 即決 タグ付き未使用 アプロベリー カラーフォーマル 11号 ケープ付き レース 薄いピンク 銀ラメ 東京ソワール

---*---

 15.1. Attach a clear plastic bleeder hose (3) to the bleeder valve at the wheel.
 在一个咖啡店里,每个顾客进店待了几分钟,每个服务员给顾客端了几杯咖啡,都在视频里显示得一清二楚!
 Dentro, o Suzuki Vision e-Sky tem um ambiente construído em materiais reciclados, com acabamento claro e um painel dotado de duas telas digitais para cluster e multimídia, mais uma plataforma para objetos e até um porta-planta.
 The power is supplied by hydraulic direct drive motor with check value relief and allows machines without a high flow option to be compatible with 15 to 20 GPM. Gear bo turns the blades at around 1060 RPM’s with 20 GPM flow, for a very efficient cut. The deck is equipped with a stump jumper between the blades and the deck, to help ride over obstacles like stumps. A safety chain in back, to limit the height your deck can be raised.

---*---

Which lines above run from the one containing "在一个咖啡店里,每个顾客进店" to the one containing "Dentro, o Suzuki"? Give them again exactly, both ends included.

 在一个咖啡店里,每个顾客进店待了几分钟,每个服务员给顾客端了几杯咖啡,都在视频里显示得一清二楚!
 Dentro, o Suzuki Vision e-Sky tem um ambiente construído em materiais reciclados, com acabamento claro e um painel dotado de duas telas digitais para cluster e multimídia, mais uma plataforma para objetos e até um porta-planta.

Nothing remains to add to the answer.